El Sepulcro

Ninguno de los tres sospechaba que lo que iba a ocurrir esa noche les causaría más espanto que lo vivido en cientos de batallas. Ninguno pensó, mientras se dirigían al camposanto, que lo que verían marcaría el resto de sus ya largas y cansadas vidas.

Cuando meses atrás su compañero de armas Don Esteban Pere-Guillén falleció de una extraña enfermedad, era tal la amistad y el respeto que sentían unos por otros que juraron que la muerte no rompería nunca el círculo que unía las almas de los cuatro caballeros.

Muchos años habían combatido a las órdenes del rey demostrando el valor y la lealtad que hace que a los hombres se les reconozca como nobles señores. Sus caballos habían recorrido casi todo el reino y sus espadas descansaban ya, desgastadas y herrumbrosas, cubiertas de humedad y óxido, recuerdos y sangre derramada.

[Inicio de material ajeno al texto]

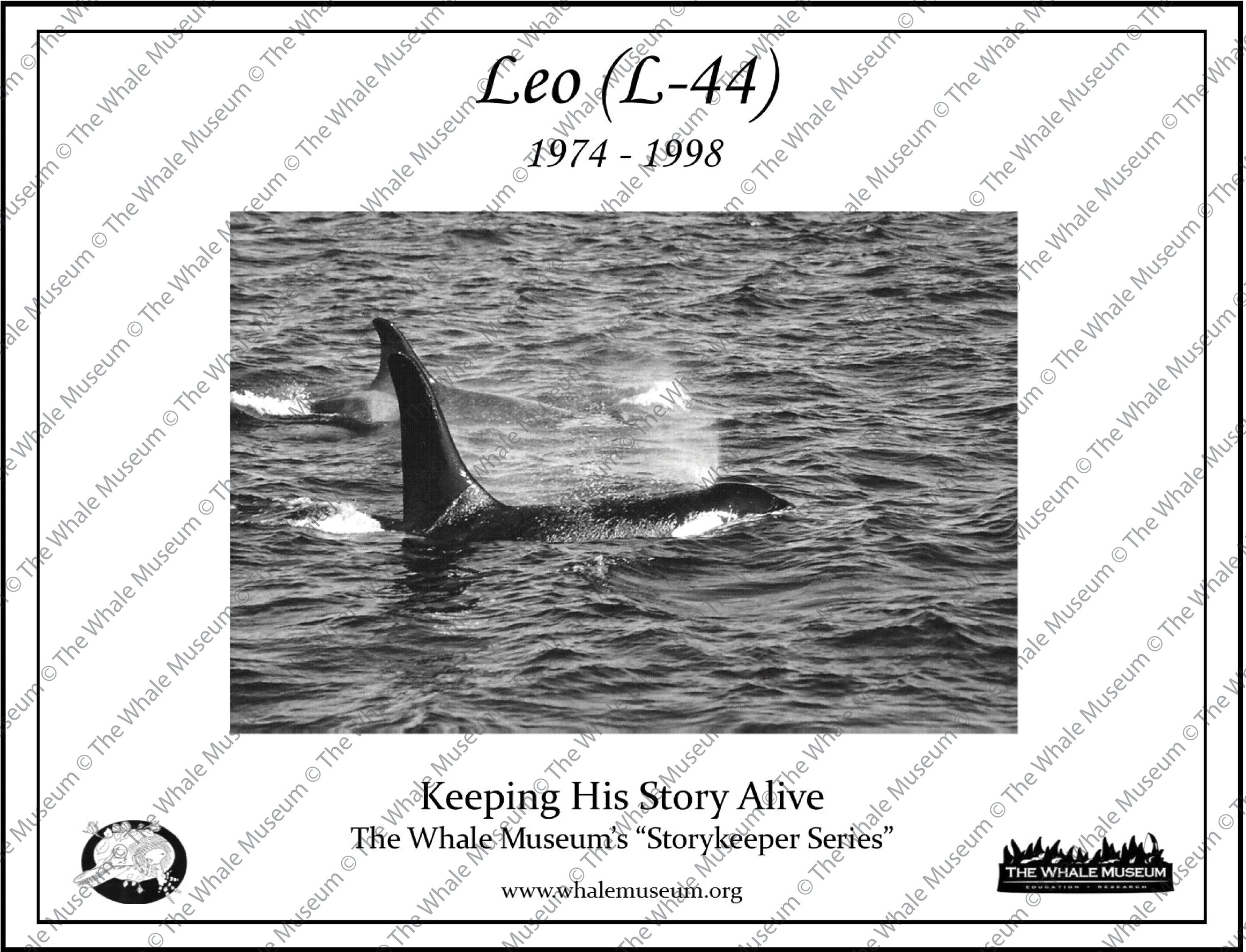 Leo (L-44) is one of the few whales to get a name change. "Cleo, known to scientists as L-44, is the nine-year old daughter of Olympia (L-32) and the sister of Spirit L22 and Disney (L-56). She is a member of LPod, a group of 50 orcas in Greater Puget Sound." This was part of Leo's biography from 1984. Imagine everyone's surprise when Leo (L-44) 's dorsal fin began to sprout in 1987 and Cleo became Leo!

Cuando ya sus fuerzas no eran las de la lejana juventud, decidieron compartir en Toledo una pequeña mansión en la que la camadería y el recuerdo de batallas hacían que no se perdiera el espíritu cuartelero que rememoraban con nostalgia.

Pero el tiempo no perdona y Don Esteban, el más valiente de los cuatro, dejó un gran vacío a su muerte.

Con la intención de no romper el vínculo que durante tantos años les unió, cada tarde, al caer el sol, bajaban engalanados por la Vega hacia el cementerio de la ciudad. Allí, en torno al niño donde reposaban los restos de su amigo, rezaban, reían, cantaban o recordaban, según el día, algunas de sus conquistas militares o de las otras. Después, silenciosos y tristes, retomaban el camino a casa pensando quién sería el siguiente en acompañar a su camarada.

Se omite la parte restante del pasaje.